Через час десять минут мы уже ехали в такси обратно, к посту "Эрез", Фадид пригласил нас пообедать, но Вайсман объяснил, что мы спешим. Всю дорогу он кашлял и сплевывал в салфетки. "Это не хорошо, господин, - сказал ему таксист. - Ты должен пойти к доктор. Муж моей сестра доктор, живет близко". - "Спасибо, это ничего, я привык, - Вайсман попытался улыбнуться в ответ. - Это все сигареты, они меня убивают, медленно, постепенно".

Почти всю дорогу мы молчали, я думал про свою баскетбольную тренировку, она была назначена на пять. "В трех случаях у нас есть шансы, - сказал Вайсман. - Кроме этого, с яйцами. За те три года, что он просидел в тюрьме, нет никаких упоминаний о его травме. Пойди докажи, что они сделали это три с половиной года назад". - "Но ты все равно возьмешься?" - спросил я. "Да, - нехотя ответил Вайсман. - Я не говорил, что не возьмусь, сказал только, что у нас нет шансов". Он попытался поймать что-нибудь по радио, но раздавался лишь треск статического электричества. Тогда он попробовал напевать, но через несколько секунд ему надоело, он закурил и снова принялся кашлять. Потом опять спросил меня, собрал ли я у них подписи на всех бумажках. Я ответил: "Да". - "Знаешь, - сказал он вдруг, - мне следовало родиться негром. Каждый раз, когда я возвращаюсь отсюда, я говорю себе: "Вайсман, ты должен был родиться негром. Не здесь, нет - где-нибудь далеко, может быть, в Новом Орлеане. - Он приоткрыл окно машины и щелчком выкинул сигарету. - Билли - вот как меня должны были звать, Билли Уайтман, это хорошее имя для певца. - Он прочистил горло, как если бы собирался запеть, но стоило ему набрать воздуха в легкие, как раздались хрип и кашель. - Видишь? - сказал он, когда смог взять себя в руки, поднести ко рту грязную салфетку и прокашляться в нее как следует. - Это я сам написал, сильно, а? "Билли Уайтман и Покинутые" - вот как звали бы нашу группу. И мы бы играли только блюз".

Муравьи

Я отрубаю им головы ножом, по одному, чтобы получалось аккуратно. Потом я складываю их в большие кучи прямо перед входом в муравейник и принимаюсь ждать. Вот одна мурашка возвращается домой с маленькой крошкой хлеба. Она взбирается на кучу, она и представить себе не может, что ее поджидает. Я чиркаю спичкой, и она вспыхивает.

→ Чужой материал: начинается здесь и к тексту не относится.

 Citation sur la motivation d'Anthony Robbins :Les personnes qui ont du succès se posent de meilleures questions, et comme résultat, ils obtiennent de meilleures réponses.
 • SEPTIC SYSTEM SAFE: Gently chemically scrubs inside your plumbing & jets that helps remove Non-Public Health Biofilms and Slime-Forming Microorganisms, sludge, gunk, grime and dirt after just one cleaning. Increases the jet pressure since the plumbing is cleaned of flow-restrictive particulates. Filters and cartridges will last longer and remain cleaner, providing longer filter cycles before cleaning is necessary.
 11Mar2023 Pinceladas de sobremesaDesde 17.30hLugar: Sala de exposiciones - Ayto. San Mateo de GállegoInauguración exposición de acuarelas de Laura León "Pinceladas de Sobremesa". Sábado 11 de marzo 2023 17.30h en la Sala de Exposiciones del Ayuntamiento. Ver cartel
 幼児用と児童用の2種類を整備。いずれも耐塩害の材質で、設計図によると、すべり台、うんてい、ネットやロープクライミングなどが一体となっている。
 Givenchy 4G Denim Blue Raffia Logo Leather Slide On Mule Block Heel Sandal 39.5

Мама говорит, что мне надо обучаться самостоятельно, так что в школу я больше не хожу. Но папа мне не раз говорил, что все, чему учат в школе, - вранье и чушь. А изучать вранье и чушь самостоятельно у меня нет сил, вместо этого я планирую разобраться с муравьями.

Папа и мама почти не разговаривают друг с другом с тех пор, как я перестал ходить в школу. Мама говорит, что виноват папа. Однажды я слышал, как она кричала ему: "Меня же про тебя предупреждали, мне же говорили не выходить за тебя замуж. Ты посмотри на себя - каждый день спит до полудня, не работает, ходит по дому голый. Ребенок тебя стыдится - это ты хоть понимаешь? Вот почему он целыми днями где-то бегает!"

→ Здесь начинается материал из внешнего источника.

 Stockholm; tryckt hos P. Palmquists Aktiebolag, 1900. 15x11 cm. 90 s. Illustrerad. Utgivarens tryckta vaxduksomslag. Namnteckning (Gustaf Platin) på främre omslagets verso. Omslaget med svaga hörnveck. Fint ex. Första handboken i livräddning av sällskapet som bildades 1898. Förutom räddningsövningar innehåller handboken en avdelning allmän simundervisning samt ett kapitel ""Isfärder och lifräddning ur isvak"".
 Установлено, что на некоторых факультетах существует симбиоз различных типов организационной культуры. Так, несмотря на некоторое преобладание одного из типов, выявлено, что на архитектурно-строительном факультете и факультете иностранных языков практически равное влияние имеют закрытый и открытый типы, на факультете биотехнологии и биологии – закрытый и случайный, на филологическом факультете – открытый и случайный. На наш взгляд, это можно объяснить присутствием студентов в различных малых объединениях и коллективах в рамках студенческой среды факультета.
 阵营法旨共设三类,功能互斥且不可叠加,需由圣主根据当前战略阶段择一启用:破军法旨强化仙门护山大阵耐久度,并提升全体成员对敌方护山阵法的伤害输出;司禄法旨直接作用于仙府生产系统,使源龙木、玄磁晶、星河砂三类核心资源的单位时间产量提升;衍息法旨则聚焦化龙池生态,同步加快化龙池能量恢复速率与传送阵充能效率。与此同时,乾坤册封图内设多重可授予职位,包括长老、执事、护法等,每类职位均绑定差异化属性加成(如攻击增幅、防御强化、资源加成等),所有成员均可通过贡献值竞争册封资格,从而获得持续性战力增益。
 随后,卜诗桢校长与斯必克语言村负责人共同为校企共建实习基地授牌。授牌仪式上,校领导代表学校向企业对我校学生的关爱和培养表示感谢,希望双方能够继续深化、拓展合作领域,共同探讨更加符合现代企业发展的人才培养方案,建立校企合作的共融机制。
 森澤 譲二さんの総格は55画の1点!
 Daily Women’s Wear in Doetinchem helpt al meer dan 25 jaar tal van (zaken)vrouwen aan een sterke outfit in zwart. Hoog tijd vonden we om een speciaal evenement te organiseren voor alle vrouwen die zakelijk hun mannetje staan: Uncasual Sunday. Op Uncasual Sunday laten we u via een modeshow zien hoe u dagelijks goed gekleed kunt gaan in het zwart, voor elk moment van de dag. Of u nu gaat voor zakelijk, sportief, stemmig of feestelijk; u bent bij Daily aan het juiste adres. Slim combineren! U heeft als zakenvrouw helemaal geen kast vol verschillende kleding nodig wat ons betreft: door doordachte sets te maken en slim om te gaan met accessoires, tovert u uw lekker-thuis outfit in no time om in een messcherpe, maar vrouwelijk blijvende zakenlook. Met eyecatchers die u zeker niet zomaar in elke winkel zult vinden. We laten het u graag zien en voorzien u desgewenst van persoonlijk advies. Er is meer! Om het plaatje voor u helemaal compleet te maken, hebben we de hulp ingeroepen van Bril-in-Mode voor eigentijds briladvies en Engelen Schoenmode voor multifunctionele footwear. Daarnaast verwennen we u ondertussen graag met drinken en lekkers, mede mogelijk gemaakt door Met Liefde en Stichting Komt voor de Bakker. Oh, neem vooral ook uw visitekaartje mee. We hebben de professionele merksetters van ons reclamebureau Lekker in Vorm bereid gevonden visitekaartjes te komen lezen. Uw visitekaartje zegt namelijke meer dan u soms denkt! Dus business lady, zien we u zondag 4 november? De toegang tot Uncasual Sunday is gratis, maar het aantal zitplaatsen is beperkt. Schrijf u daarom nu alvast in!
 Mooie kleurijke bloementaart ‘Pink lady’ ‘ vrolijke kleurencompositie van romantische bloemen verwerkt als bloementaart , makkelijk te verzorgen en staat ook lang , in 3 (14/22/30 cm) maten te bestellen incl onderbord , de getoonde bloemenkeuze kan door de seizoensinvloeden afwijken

Я для них как бог. Я могу сделать с ними все, что захочу, и им это отлично известно. Если мне захочется, их муравейник будет лопаться от еды, а если они меня рассердят - шмяк! - и они размазаны по подошвам моих сандалий.

Мама ушла из дому, забрала меня и переехала жить к Хасиде Швейг, но я сбежал обратно домой. Теперь у меня есть план. План, который заставит всех снова зауважать папу и меня. Это очень даже просто сделать, надо только придерживаться программы тренировок.

Два муравья - крошка хлеба, десять муравьев - это уже оливковый листок, триста миллиардов - это целая школа, поднимающаяся в воздух. "Поставьте нас на место! - орет им Манташ. - Я вам приказываю немедленно опустить нас вниз!" - но муравьи срать на него хотели, они слушаются только моих приказов. Теперь дети прыгают из окон школы, с каждым прыгнувшим ребенком школа становится легче, и муравьи начинают двигаться быстрее. Меньше чем через пять минут они переходят на бег.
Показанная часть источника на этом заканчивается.